Each record that comes next should be output exactly; pictures do not belong in the copy.
********
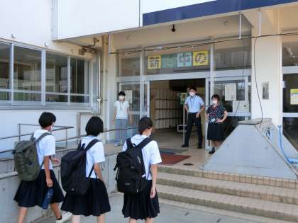 朝の登校風景1 公開日 2021/07/21 更新日 2021/07/21 そ の 他 7月21日(水)8:00 長いようで、あっという間に感じた1学期でしたが、今日が終業式。生徒は笑顔で元気に登校しています。
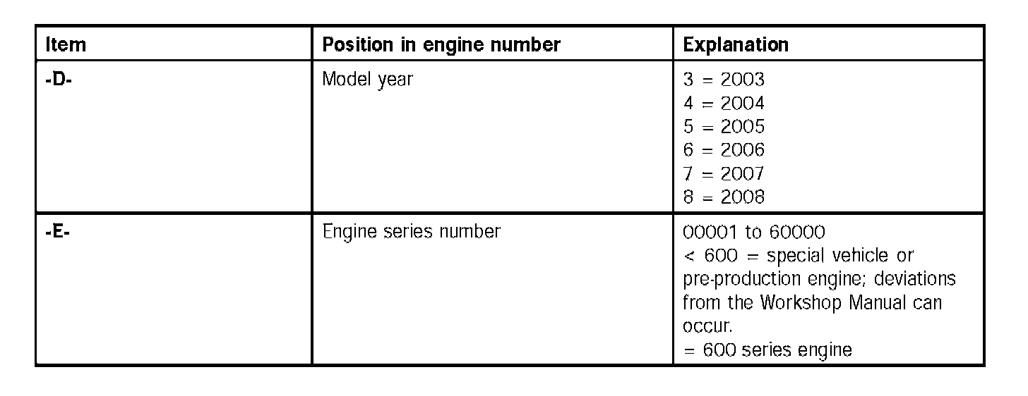 Position and coding of the engine numberThe engine number is located on the underside of the crankcase on cylinder bank 5 - 8. Once the underbody panel is removed, the engine number is visible on the left.
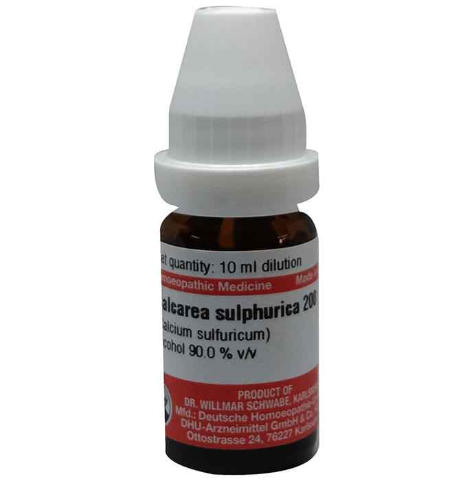 Dr Willmar Schwabe Germany Calcarea Sulphurica Dilution 200 Dr Willmar Schwabe Germany Calcarea Sulphurica is an effective remedy for the treatment of skin conditions such as eczema, lupus and acne. It's also effective for treating tumours and enlarged glands. It can also be used to treat a variety of different health issues, including minor cuts and wounds. This medicine can also be used to treat respiratory problems such as a runny cough and a buildup of fluid in the lungs.
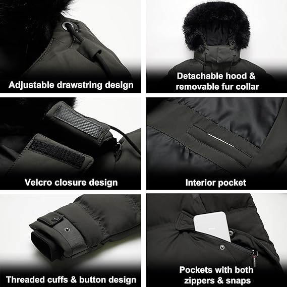 The winter jacket features adjustable sleeve openings with Rib-knit storm cuffs and velcro and sweep trap in warm air as well as an inside drawcord at hood to give you a perfect fit while protecting against the elements.
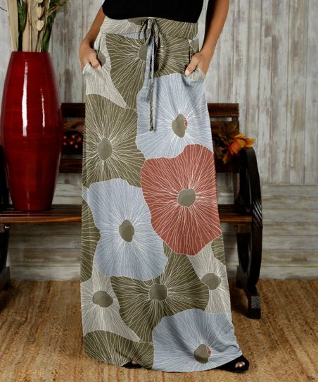 Add this patterned skirt to your closet and enjoy the side pockets and drawstring waist.
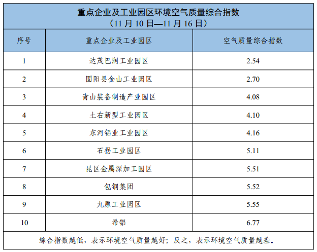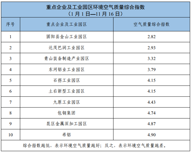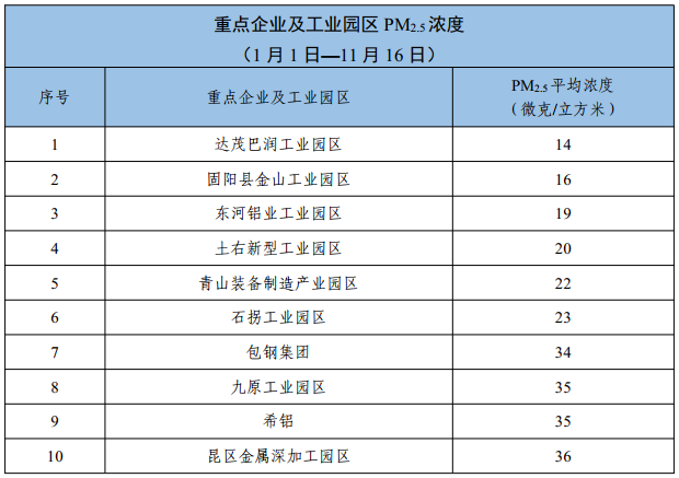 包头市重点企业及工业园区环境空气质量公示
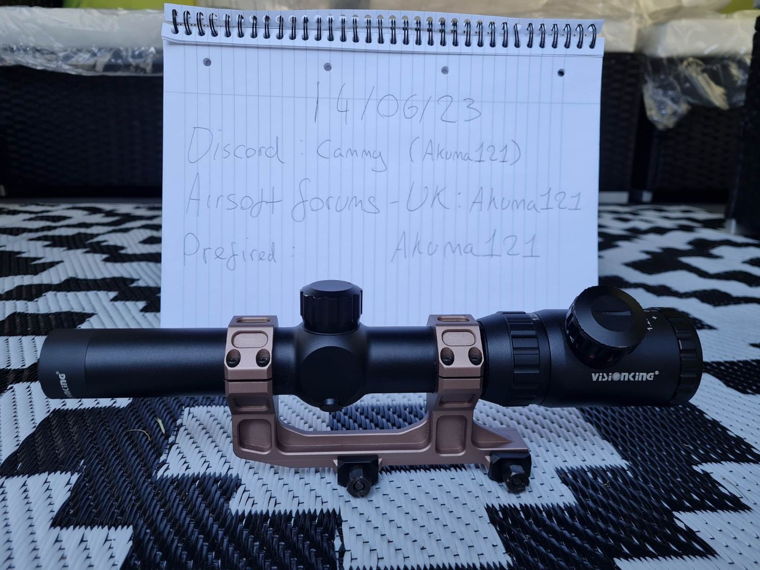 As the title says it's a vision king 1.25-5x LPVO with a replica Geissele scope mount, this particular scope mount model is a proper burnt bronze colour and is raised slightly higher than traditional Geissele style scope mounts so you don't have to lean into your stock to get a proper view down the scope.
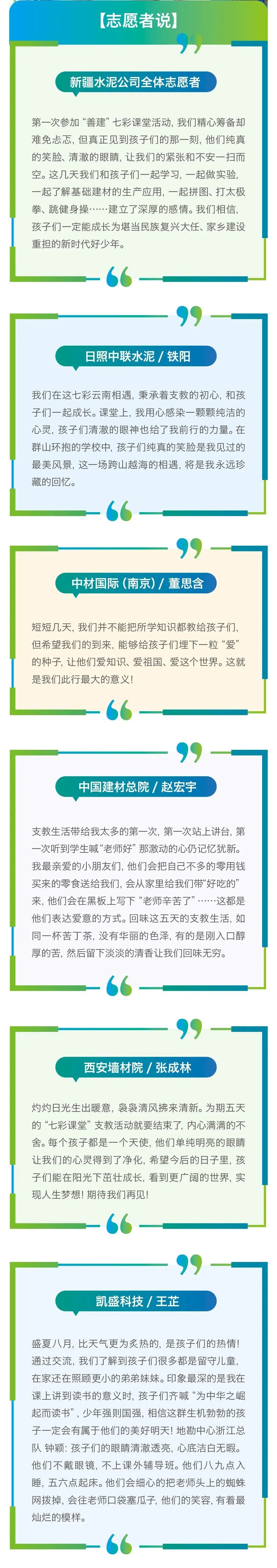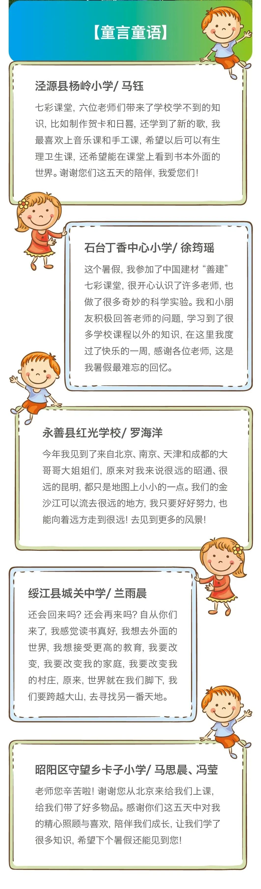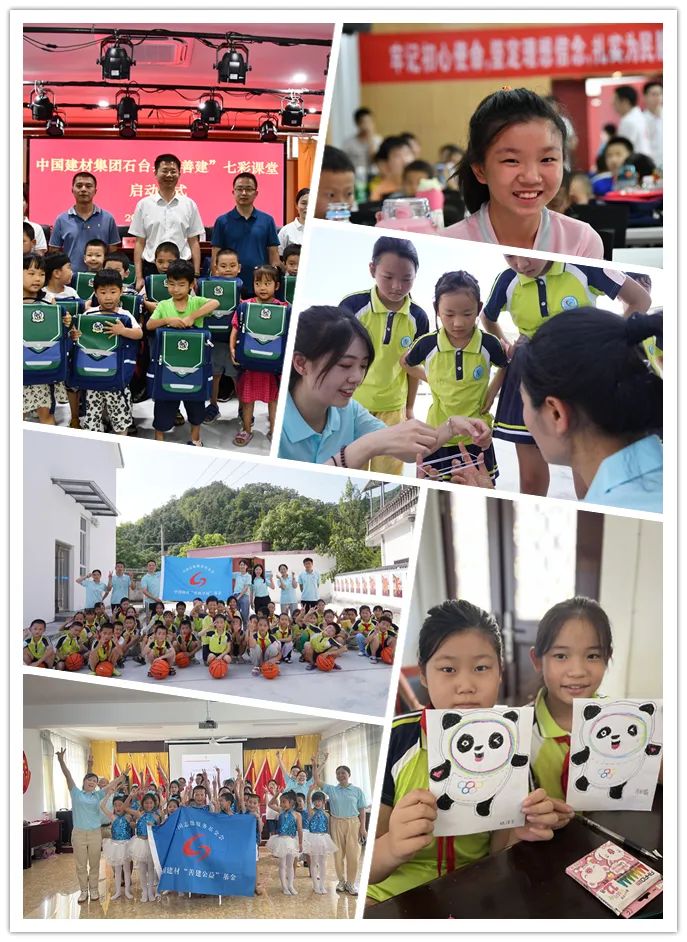 此次“善建”七彩课堂在5个定点帮扶区县设置了15个教学点,覆盖740余名学生。课程设置自然科学、文艺体育、人文历史等内容,还有体现建材特色的各种企业课,革命传统教育要从娃娃抓起的党史教育课,既增长知识、拓展思维,又磨炼意志、强健体魄。五天七彩课堂,精彩纷呈、有趣有料,为孩子撑起一片健康成长的天空,将新时代的强音传递到孩子的心坎上,将强国的志向植根在孩子的心田里。
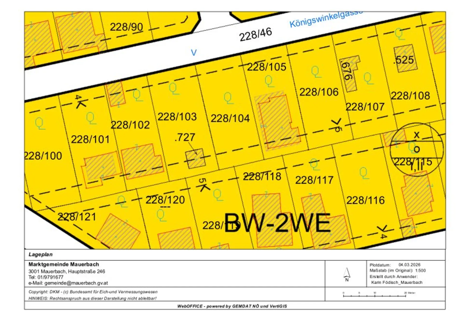 Gemäß den geltenden Bebauungsbestimmungen der Mauerbach gelten folgende Eckdaten:
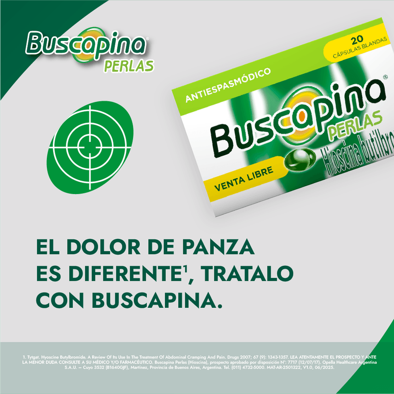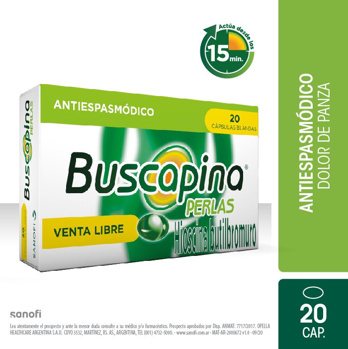 butilbromuro de hioscina, un antiespasmódico eficaz para aliviar espasmos abdominales, cólicos intestinales y molestias por tensión gastrointestinal. Presentación en cápsulas blandas de acción rápida.
********
> **Output for this exercise**:
 朝の登校風景1 公開日 2021/07/21 更新日 2021/07/21 そ の 他 7月21日(水)8:00 長いようで、あっという間に感じた1学期でしたが、今日が終業式。生徒は笑顔で元気に登校しています。
 Position and coding of the engine numberThe engine number is located on the underside of the crankcase on cylinder bank 5 - 8. Once the underbody panel is removed, the engine number is visible on the left.
 Dr Willmar Schwabe Germany Calcarea Sulphurica Dilution 200 Dr Willmar Schwabe Germany Calcarea Sulphurica is an effective remedy for the treatment of skin conditions such as eczema, lupus and acne. It's also effective for treating tumours and enlarged glands. It can also be used to treat a variety of different health issues, including minor cuts and wounds. This medicine can also be used to treat respiratory problems such as a runny cough and a buildup of fluid in the lungs.
 The winter jacket features adjustable sleeve openings with Rib-knit storm cuffs and velcro and sweep trap in warm air as well as an inside drawcord at hood to give you a perfect fit while protecting against the elements.
 Add this patterned skirt to your closet and enjoy the side pockets and drawstring waist.
 包头市重点企业及工业园区环境空气质量公示
 As the title says it's a vision king 1.25-5x LPVO with a replica Geissele scope mount, this particular scope mount model is a proper burnt bronze colour and is raised slightly higher than traditional Geissele style scope mounts so you don't have to lean into your stock to get a proper view down the scope.
 此次“善建”七彩课堂在5个定点帮扶区县设置了15个教学点,覆盖740余名学生。课程设置自然科学、文艺体育、人文历史等内容,还有体现建材特色的各种企业课,革命传统教育要从娃娃抓起的党史教育课,既增长知识、拓展思维,又磨炼意志、强健体魄。五天七彩课堂,精彩纷呈、有趣有料,为孩子撑起一片健康成长的天空,将新时代的强音传递到孩子的心坎上,将强国的志向植根在孩子的心田里。
 Gemäß den geltenden Bebauungsbestimmungen der Mauerbach gelten folgende Eckdaten:
 butilbromuro de hioscina, un antiespasmódico eficaz para aliviar espasmos abdominales, cólicos intestinales y molestias por tensión gastrointestinal. Presentación en cápsulas blandas de acción rápida.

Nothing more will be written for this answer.